Alla fine di febbraio l'offensiva sionista si è concentrata sul campo profughi di Jabalya e nella vicina Tufah, nel nord della Striscia di Gaza, presi d'assalto da un migliaio di soldati appoggiati da carri armati e dall'aviazione che hanno trovato una tenace resistenza da parte dei militanti di Hamas e della Jihad islamica.
Il 29 febbraio durante i funerali delle vittime il premier palestinese Ismail Haniyeh affermava che i palestinesi non temono l'invasione: "gli israeliani non hanno forse tenuto sotto occupazione militare la Striscia di Gaza per 38 anni? E cosa hanno ottenuto? Non sono certo riusciti a spezzare la determinazione dei palestinesi a lottare per la libertà". E denunciava il presidente dell'Anp Abu Mazen di coprire i raid sionisti con la falsa affermazione di pochi giorni prima quando intervistato dal quotidiano al-Hayat aveva sostenuto che ''membri di al-Qaeda hanno raggiunto i territori palestinesi e Gaza in particolare. Penso che la presenza di al Qaeda sia stata resa possibile dall'aiuto di Hamas, specialmente a Gaza''. Secondo il legittimo governo di Hamas gli elementi a cui si riferiva Abu Mazen erano ''ex agenti dei servizi palestinesi, legati dunque all'Anp" e quindi l'operazione era una montatura allo scopo di giustificare future operazioni militari israeliane.
L'1 marzo a Ramallah centinaia di persone protestavano contro i massacri sionisti a Gaza nel centro della città, analoghe manifestazioni si svolgevano in diverse altre località della Cisgiordania nel corso di uno sciopero generale in segno di lutto e di protesta.

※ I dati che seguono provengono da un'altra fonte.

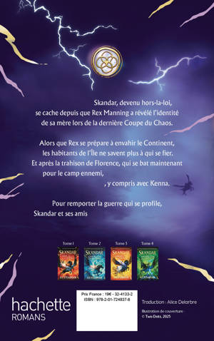 L’Île est en guerre. Skandar, devenu hors-la-loi, se cache depuis que Rex Manning a révélé l’identité de sa mère lors de la dernière Coupe du Chaos. Mais alors que Rex se prépare à envahir le continent, les habitants de l’Île ne savent plus à qui se fier. Et après la trahison de Florence, qui se bat maintenant pour le camp ennemi, Skandar doit construire de nouvelles alliances, y compris avec Kenna. Pour remporter la Guerre de l’Esprit, Skandar et ses amis devront remonter aux origines de l’Île et exploiter toute la puissance de leur magie.

Il vice ministro della difesa israeliano, il laburista Matan Vilnai dichiarava che "se i lanci di Qassam si intensificano e i razzi raggiungono distanze maggiori, i palestinesi si attireranno un olocausto ancor più grande, perché useremo tutto ciò che è necessario alla nostra difesa". Minacciava quindi per i palestinesi un olocausto come quello patito dagli ebrei per mano dei nazisti. Un portavoce del ministero precisava successivamente che Vilnai aveva usato la parola nel senso letterale di "disastro" e che "non intendeva alludere in alcun modo a un genocidio" senza però nulla togliere alla gravità dell'affermazione.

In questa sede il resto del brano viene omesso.